Records from a dataset:
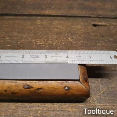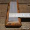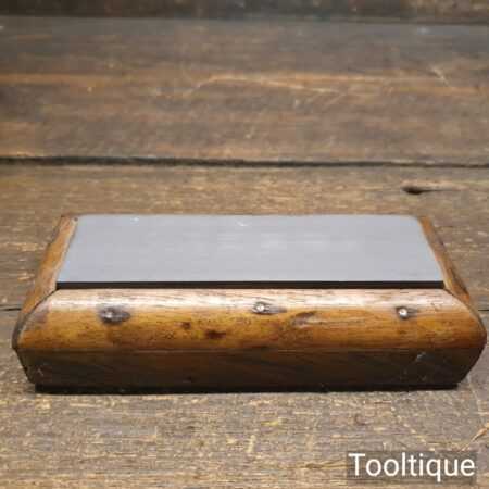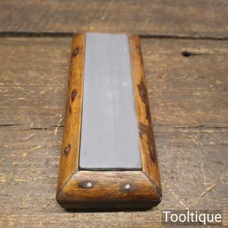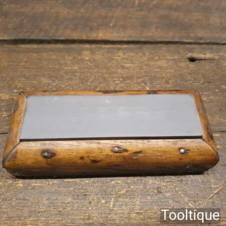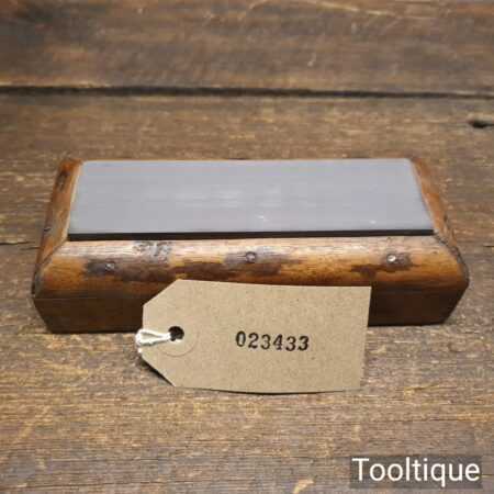 Vintage 4 ½” x 1 ½” fine grade natural welsh slate honing stone on a nice mitred wooden base in good used condition, lapped flat ready for use. Suitable for use with a good quality lapping fluid, see our Acutus Brand in store.
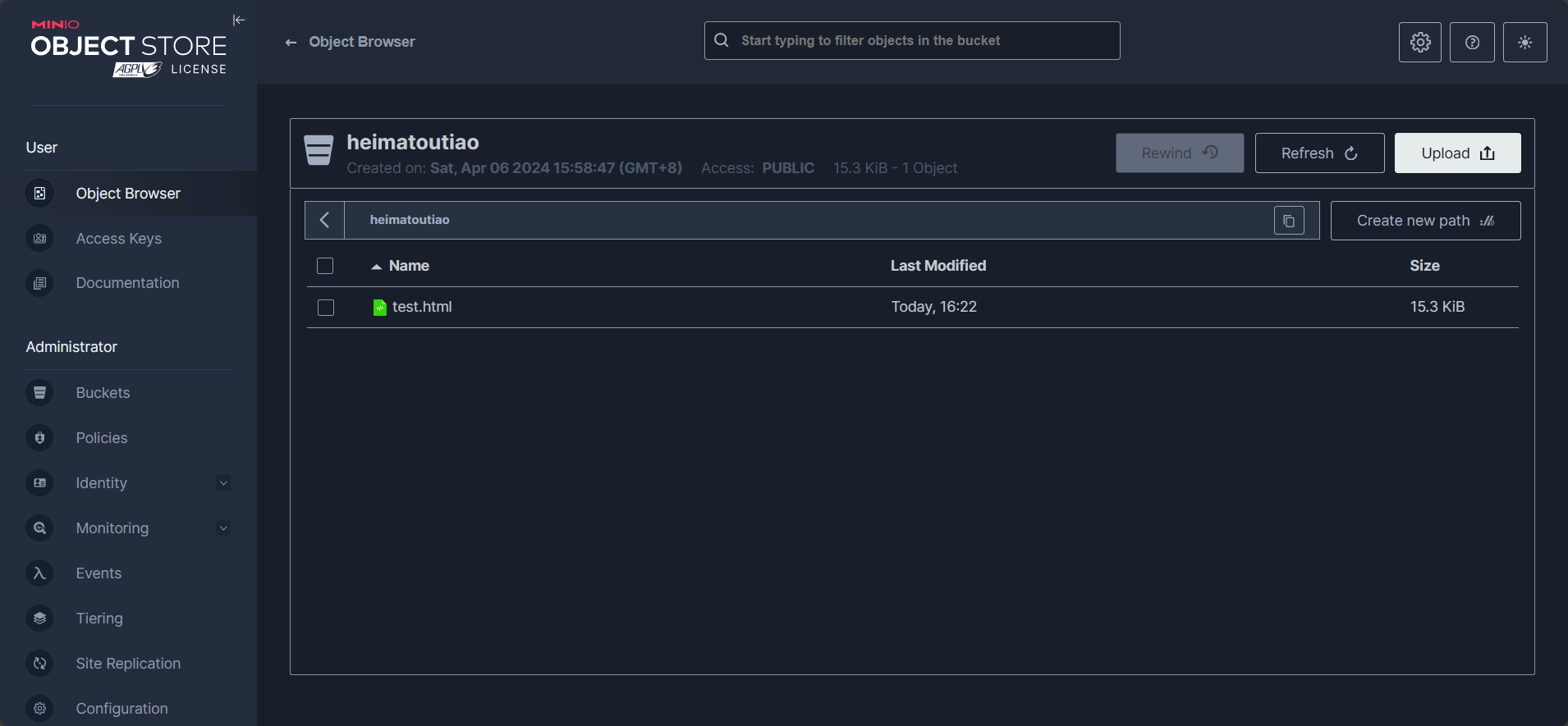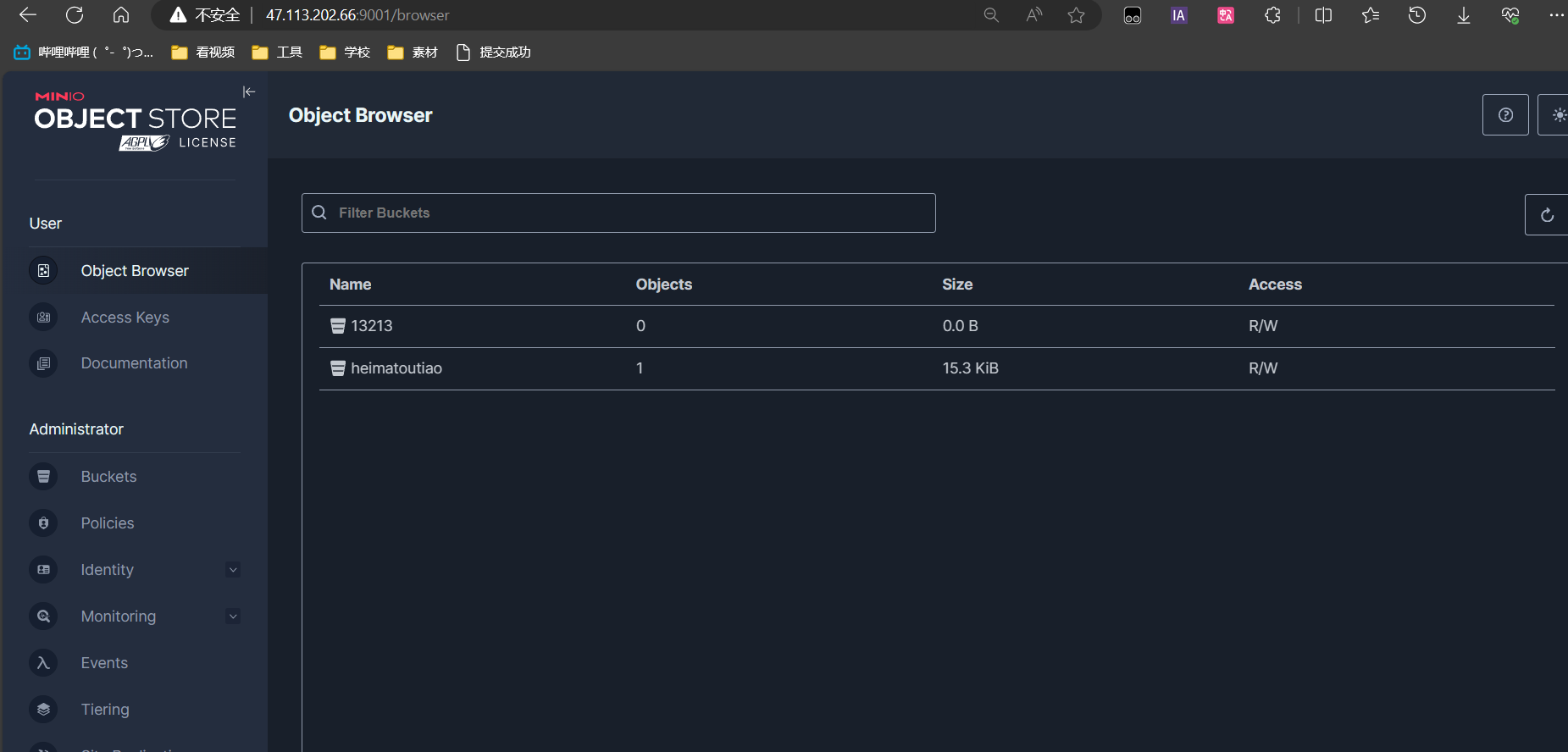在minio管理页面中可以看到成功导入了,点击链接也可以直接访问
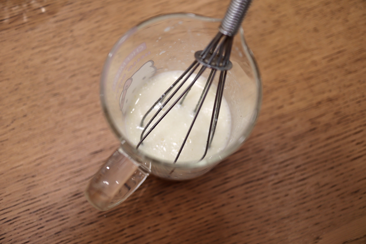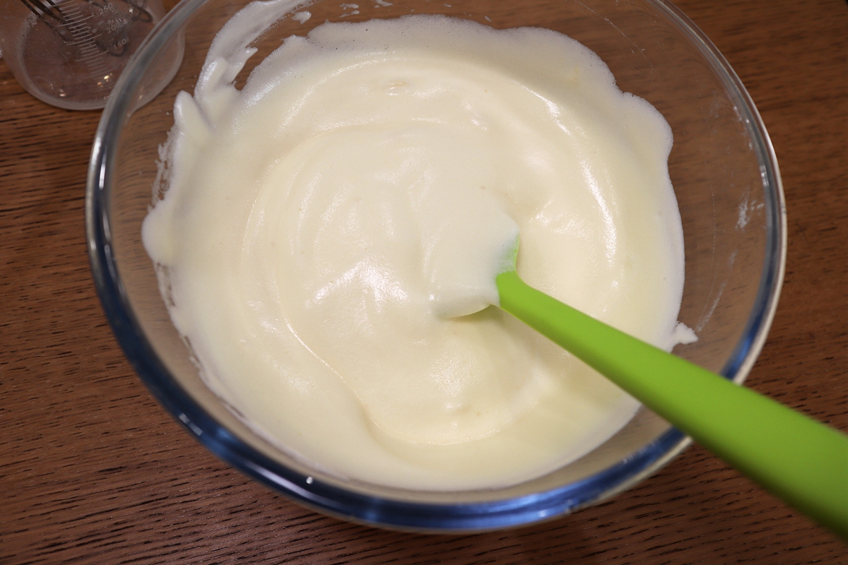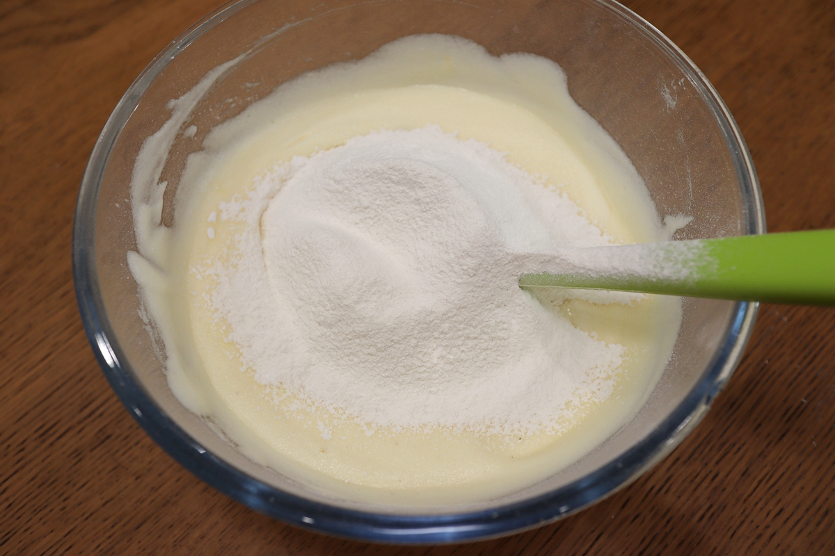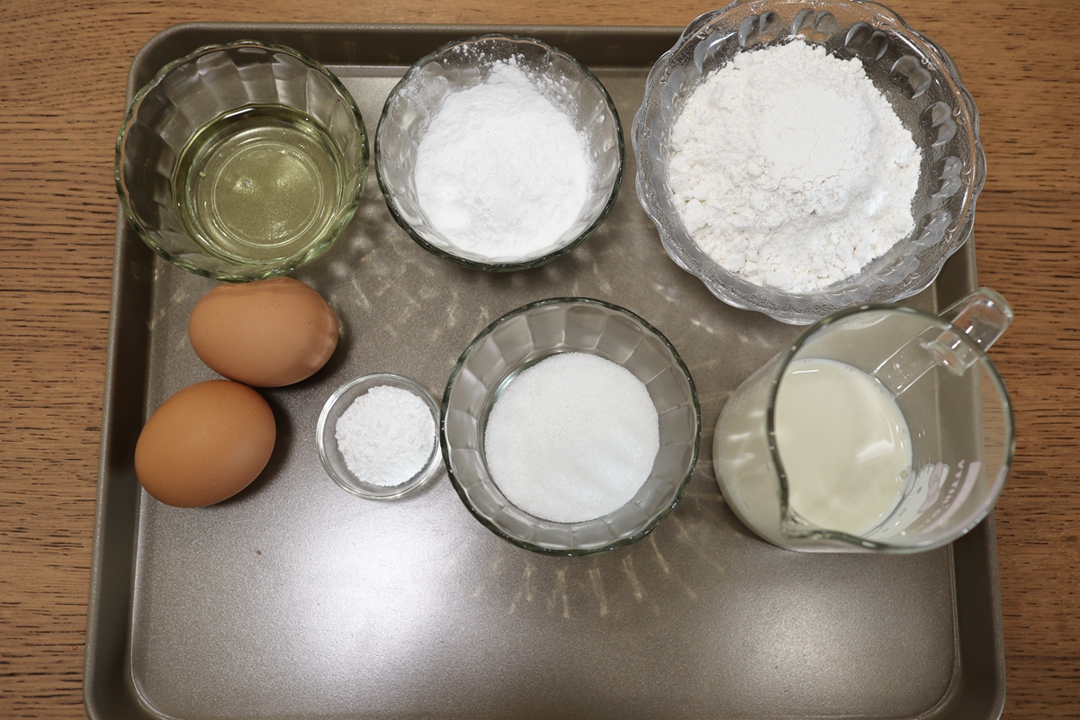材料:鸡蛋2个,白糖40克,牛奶60克,玉米油30克,低筋面粉100克,玉米淀粉25克,泡打粉6克
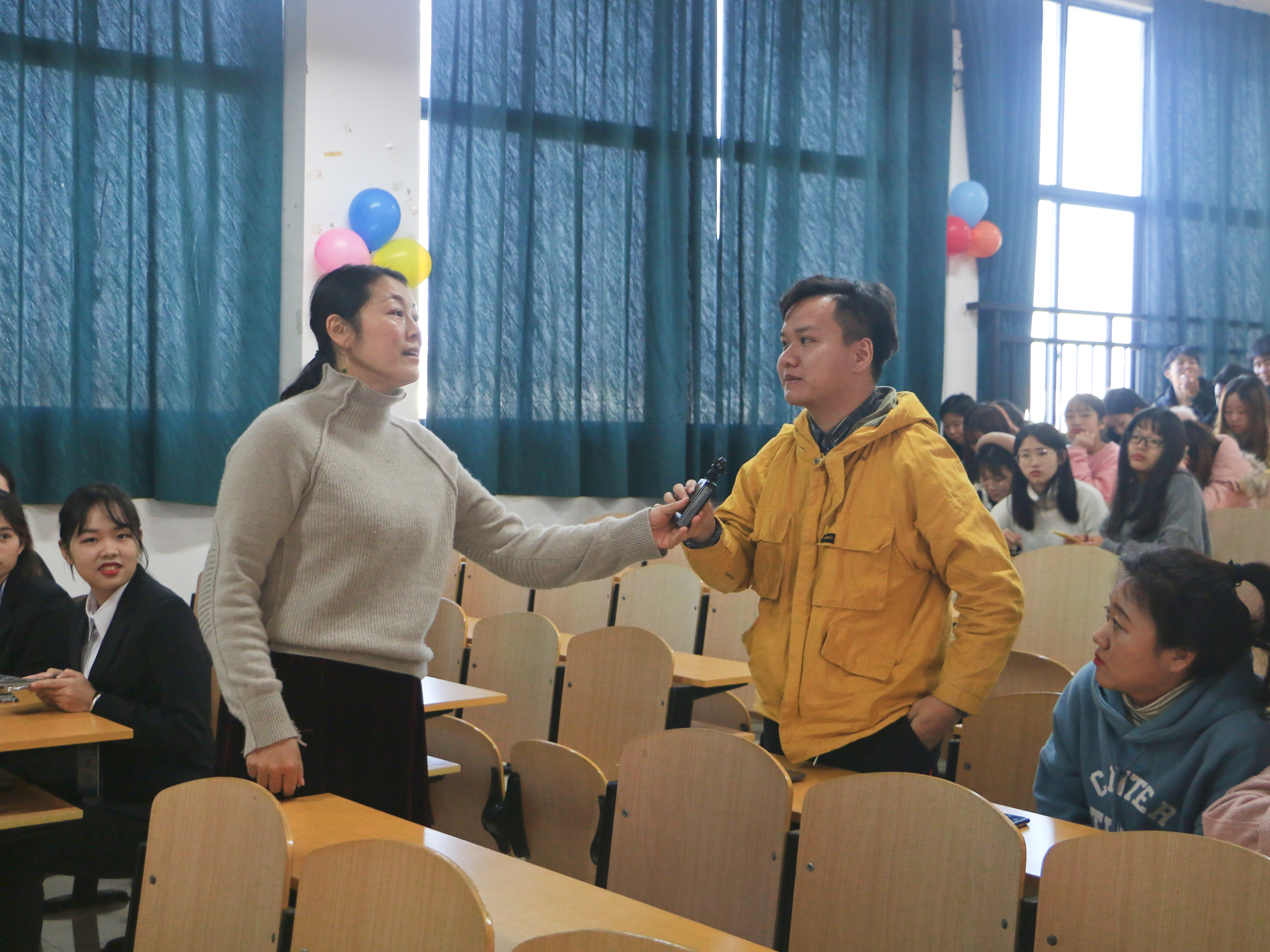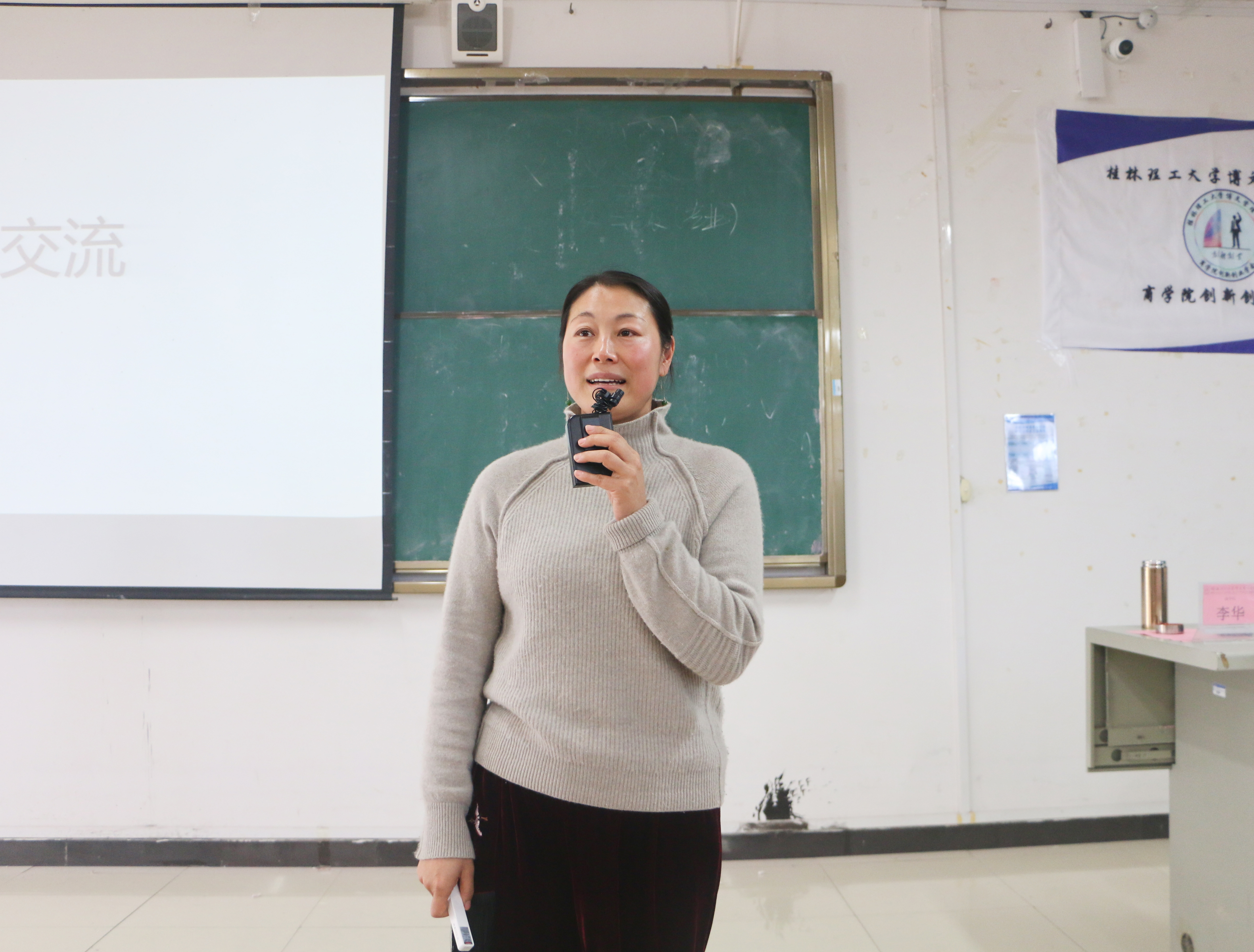 老师结合自身的创业之路,向大家分享自己的成功经验,并总结出了“大事”“未来”“例外”这六个字,激发了同学们的创新思维,破解常规思维定势。随后,老师提出创业创新最主要的是思考和观察,要有自己独特的想法。并向同学们讲述了以往有关创新创业的比赛,点出比赛的要求,让同学们对创新创业比赛有了进一步的了解。在互动环节中,同学们积极举手提问,从创新创业比赛申报的流程,怎样组建自己的创业团队等问题向老师提出自身了的困惑,针对同学们提出的问题,老师一一为同学们进行了详细的解答并提出了个人建议。
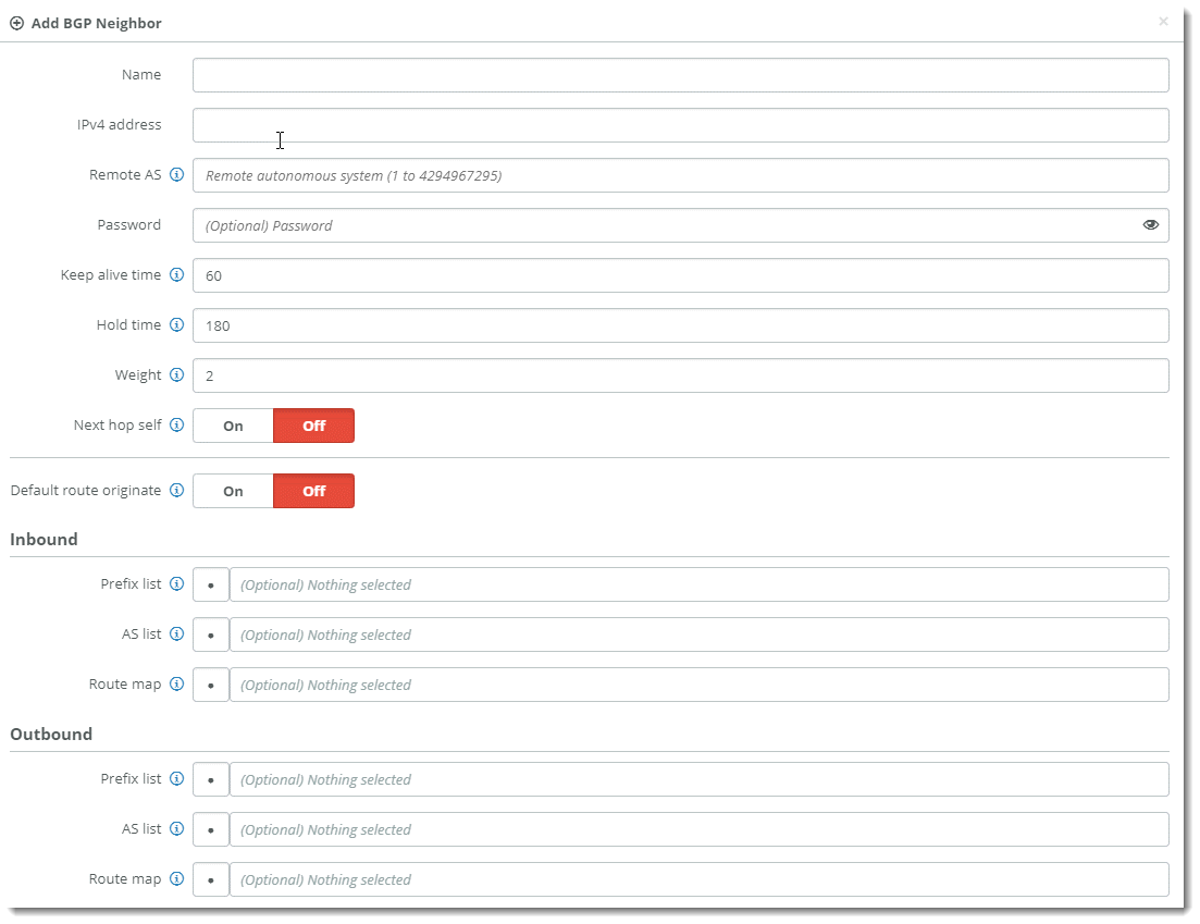 5. Under BGP neighbors, click Add BGP Neighbor.

Directions:
A word-for-word copy of the entries is needed, with no pictures in it.

Response area:
 Vintage 4 ½” x 1 ½” fine grade natural welsh slate honing stone on a nice mitred wooden base in good used condition, lapped flat ready for use. Suitable for use with a good quality lapping fluid, see our Acutus Brand in store.
在minio管理页面中可以看到成功导入了,点击链接也可以直接访问
材料:鸡蛋2个,白糖40克,牛奶60克,玉米油30克,低筋面粉100克,玉米淀粉25克,泡打粉6克
 老师结合自身的创业之路,向大家分享自己的成功经验,并总结出了“大事”“未来”“例外”这六个字,激发了同学们的创新思维,破解常规思维定势。随后,老师提出创业创新最主要的是思考和观察,要有自己独特的想法。并向同学们讲述了以往有关创新创业的比赛,点出比赛的要求,让同学们对创新创业比赛有了进一步的了解。在互动环节中,同学们积极举手提问,从创新创业比赛申报的流程,怎样组建自己的创业团队等问题向老师提出自身了的困惑,针对同学们提出的问题,老师一一为同学们进行了详细的解答并提出了个人建议。
 5. Under BGP neighbors, click Add BGP Neighbor.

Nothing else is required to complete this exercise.